Евреинов подошёл к братьям Шуваловым, низко поклонился и поцеловал край их платья, Анна же осталась стоять возле дверей.

   — Ну, Михаил Петрович, что там у тебя? Что-нибудь важное? — спросил Александр Шувалов. — Я рассержусь, если ты последовал сюда за мной и обеспокоил не по неотложному делу.

   — Дело весьма настоятельное, — ответил Евреинов. — В моём доме приключилась скверная история. Молодой голштинский дворянин, прибывший ко мне третьего дня, поссорился у меня в гостинице с секретарём английского посольства; они вышли на улицу и дрались вблизи моего дома. Как ни торопился я, но не мог помешать им. Голштинец был арестован патрулём, и вот поэтому-то, памятуя о ваших и вашего отца милостях ко мне, я и явился сюда просить вас, ваше превосходительство, не давать дурного оборота делу и не причинять зла моему заведению. Барон Ревентлов был невиновен и был вызван на ссору своим противником. Я могу подтвердить это клятвой и нарочно привёл сюда мою дочь Анну, которая может засвидетельствовать, что никто из нас не дал повода к дуэли.

   — Да, ваше превосходительство, я свидетельствую это! — воскликнула Анна, робко прислушивавшаяся к словам своего отца. — Всё шло у нас мирно и тихо, как и всегда, англичанин же был дерзок и заносчив, он хотел поцеловать меня, — добавила она с сильным румянцем, — а тот немец, наш гость, защитил меня, и не следует это ставить ему в вину и наказывать его за это, — сказала она умоляюще, но вместе и с вызовом. — Наша всемогущая государыня императрица не пожелает этого, и если нужно, то я сама пойду к ней, брошусь ей в ноги и расскажу, как всё это произошло. Ведь она — тоже женщина, она поверит мне. Она не поставит в вину нашему гостю... и моему батюшке того, в чём виноват был только англичанин и за что он поделом наказан...
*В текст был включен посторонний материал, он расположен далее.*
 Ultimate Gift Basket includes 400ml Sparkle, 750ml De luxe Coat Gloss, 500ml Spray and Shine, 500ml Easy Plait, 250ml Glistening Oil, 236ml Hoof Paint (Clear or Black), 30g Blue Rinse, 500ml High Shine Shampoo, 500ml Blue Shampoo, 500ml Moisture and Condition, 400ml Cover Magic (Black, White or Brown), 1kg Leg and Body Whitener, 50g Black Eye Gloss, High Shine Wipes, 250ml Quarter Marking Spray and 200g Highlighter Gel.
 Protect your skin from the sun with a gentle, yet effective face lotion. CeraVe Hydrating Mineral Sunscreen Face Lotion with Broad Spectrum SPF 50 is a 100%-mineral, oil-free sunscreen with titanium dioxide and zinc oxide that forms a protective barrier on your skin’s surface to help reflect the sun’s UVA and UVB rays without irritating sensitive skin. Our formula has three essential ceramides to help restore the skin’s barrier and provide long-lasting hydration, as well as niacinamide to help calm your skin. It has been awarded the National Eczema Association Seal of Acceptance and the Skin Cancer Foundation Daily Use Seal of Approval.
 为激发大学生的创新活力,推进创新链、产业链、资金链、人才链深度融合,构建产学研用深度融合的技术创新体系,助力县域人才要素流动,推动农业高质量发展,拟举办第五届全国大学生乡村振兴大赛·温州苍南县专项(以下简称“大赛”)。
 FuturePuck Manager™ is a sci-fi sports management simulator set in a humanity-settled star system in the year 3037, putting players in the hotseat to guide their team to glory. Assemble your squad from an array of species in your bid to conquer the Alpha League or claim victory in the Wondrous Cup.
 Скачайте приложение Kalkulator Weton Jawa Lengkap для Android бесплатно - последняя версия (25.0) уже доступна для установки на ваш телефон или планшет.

   — Твой приход как раз кстати, — сказал Александр Шувалов, хлопая по плечу Евреинова. — Не беспокойся, Михаил Петрович, тебе ничего не будет. Ведь я знаю, что ты добропорядочный подданный, не пойдёшь против воли государыни.
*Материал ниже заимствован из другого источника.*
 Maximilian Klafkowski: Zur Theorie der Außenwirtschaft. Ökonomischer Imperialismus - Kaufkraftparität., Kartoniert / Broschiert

   — Никогда... ваше сиятельство! — воскликнул Евреинов, кладя руку на сердце.

   — А что касается твоего гостя, столь рыцарски защитившего твою дочь, то ему тоже ничего не будет, — продолжал Александр Шувалов. — Я уже говорил здесь с братом Иваном Ивановичем по этому поводу, и мне очень приятно было выслушать также и твоё показание... Если это облегчит дело, — сказал он, обращаясь к своему двоюродному брату, — расскажи государыне то, что вот они показывают.
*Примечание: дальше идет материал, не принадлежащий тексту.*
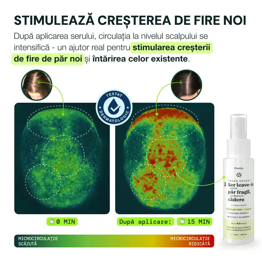 Stimulează micro-circulația scalpului, contribuind la menținerea unui păr vizibil mai dens.
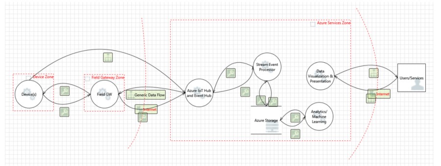 为了规范,是需要用到上面提到的Microsoft Threat Modeling Tool这个工具来描绘数据流图的,具体绘图细节这里不多说,看个网上的工具范例:
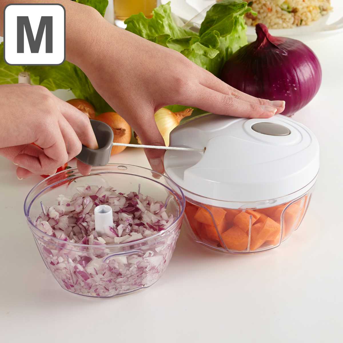 ひもを引っ張るだけで簡単に時短調理フードチョッパーの容器に食材を入れ、あとは取っ手のついたひもを引っ張るだけでみじん切りができます。容器の中の3枚の刃が効率よく食材を切ってくれるので、包丁よりもスピーディーで安全です。また、食材が散らばらず、ニオイが手に付いたり、目が痛くなったりすることもありません。とても簡単に使えるのでお子様も楽しく料理のお手伝いができます。
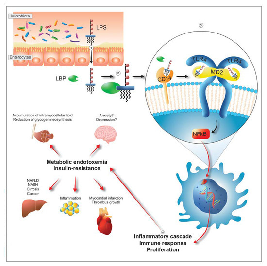 After passing the barrier formed by enterocytes (step 1), LPS interacts with the LPS-binding protein, known as LBP (step 2). The complex then interacts with the CD14 placed on the membrane of the target cells (step 3). Then, CD14 transfers LPS into the receptor pocket of the complex constituted by TLR4 (Toll-like receptor 4) and MD2 (myeloid differentiation-2) triggering a cascade of intracytoplasmic events which culminates with the entry of NFkB (nuclear factor kappa-light-chain-enhancer of activated B cells) into the nucleus and subsequent transcription and translation into proteins (mainly cytokines) with specific inflammatory characteristics (step 4). The presence of these cytokines, feeds phenomena such as metabolic endotoxemia and tissue insulin-resistance (step 5). Both, by acting on the different organs, have different consequences. In the liver, they promote the development of NAFLD (non-alcoholic fatty liver disease), NASH (non-alcoholic steatohepatitis), cirrhosis and cancer. In the striatal-skeletal musculature they promote accumulation of intramyocellular lipid and reduction of glycogen neo-synthesis. In the adipose tissue they promote inflammation. At cardiac and cardio-vascular levels they predispose individuals to an increased risk of myocardial infarction and thrombus growth. Finally, in the brain, they probably promote pathologies such as anxiety and depression.

Между тем обер-камергер весь ушёл в созерцание девушки, такой прелестной, что пред нею терялись самые ослепительные придворные красавицы.

   — Да, да, это ещё больше облегчит дело, — машинально повторил он слова брата, не спуская своего взора с Анны. — Я скажу об этом государыне. Вы можете быть вполне спокойны, что это останется без последствий. Ведь и сам я, — прибавил он, — едва ли поступил бы иначе, чем этот иностранец, когда дело коснулось бы защиты девушки... дочери столь преданного нашему дому человека.

   — О, благодарю вас, тысячу раз благодарю вас, ваше высокопревосходительство, — воскликнула Анна с улыбкой и, просияв, приблизилась к обер-камергеру и быстро поцеловала ему руку.

Иван Иванович почувствовал прикосновение её тёплых губ к руке, и румянец на минуту залил всё его лицо, и взор затуманился.

   — Ну, к чему это! — живо воскликнул он. — Ведь ты не крепостная наша, а к свободной девушке даже самый знатный сановник должен относиться учтиво, как рыцарь.

Он стиснул руку девушки и, нагнувшись, запечатлел на ней долгий поцелуй.

Девушка смутилась и, краснея, отступила назад, в то время как сам Евреинов рассыпался в благодарностях пред Александром Шуваловым.

Издали донёсся грохот пушечных выстрелов.

Иван Шувалов испуганно вздрогнул.

   — Господи Боже! Вот и полки уже выступили из казарм; нельзя терять ни минуты! — воскликнул он.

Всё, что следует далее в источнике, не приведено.